Whenever I indulge in a drink, it’s usually gin.
Call it pine-y, but I like the refreshing, almost herbal taste. Especially with ice cold soda water and some cucumber. I’m drooling (it’s also a day off and 30 degrees – high time for highballs).
Though I do love my G&S combo, this was the summer of bourbon. I’m not a huge fan of that sticky, sweet burning sensation on its own, but pair some bourbon with a big ol’ pitcher of lemonade and I’m hooked.
This cake followed a meal of Dr. Pepper pulled pork, salad and the aforementioned bourbon lemonade. It was like a tribute to the gods of summer – spicy, sunny and seasonal.

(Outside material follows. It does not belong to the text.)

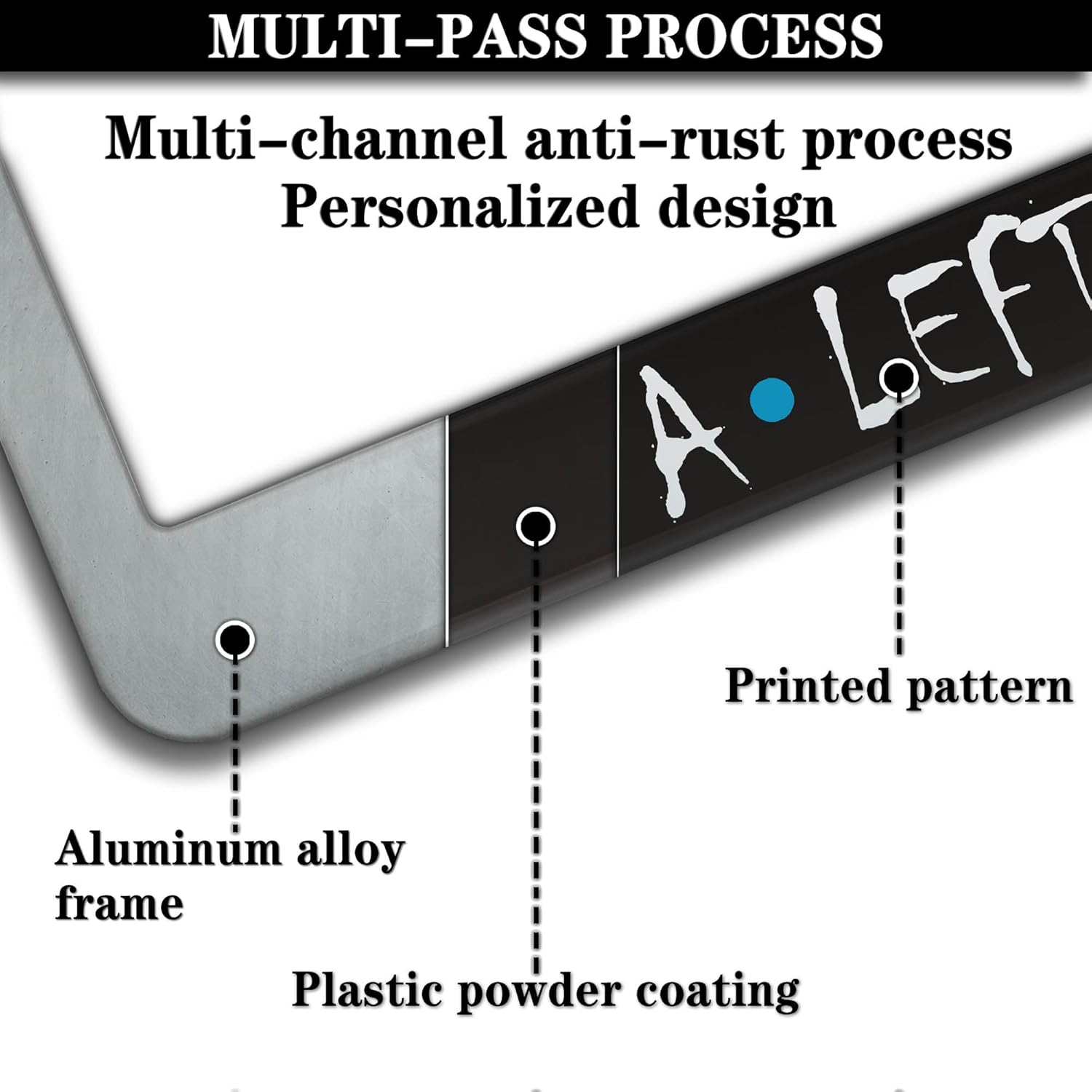 - ALUMINUM FRAME: This License Plate Frame is crafted from high-quality aluminum that is resistant to corrosion, rust, and harsh weather conditions. Its rugged reliability design ensures a long lifespan, making it capable of withstanding car washes and extreme weather, providing you with a reliable and stylish solution for your vehicle.

I’m an absolute sucker for summer peaches. The ones used in this recipe came from a massive basket of Ontario peaches (the best, in my opinion). Their sweetness, paired with the boozy smack of bourbon, made for a next level upside down cake.
Ever had a pineapple upside down cake? This one works in much the same way. Stacking a simple caramel, fresh fruit and a light, airy cake before baking it and promptly dumping it out of the pan onto it’s peach-studded head.
Serve it with whipped cream. Wow your friends. Drink more bourbon. Eat more cake. The cycle continues.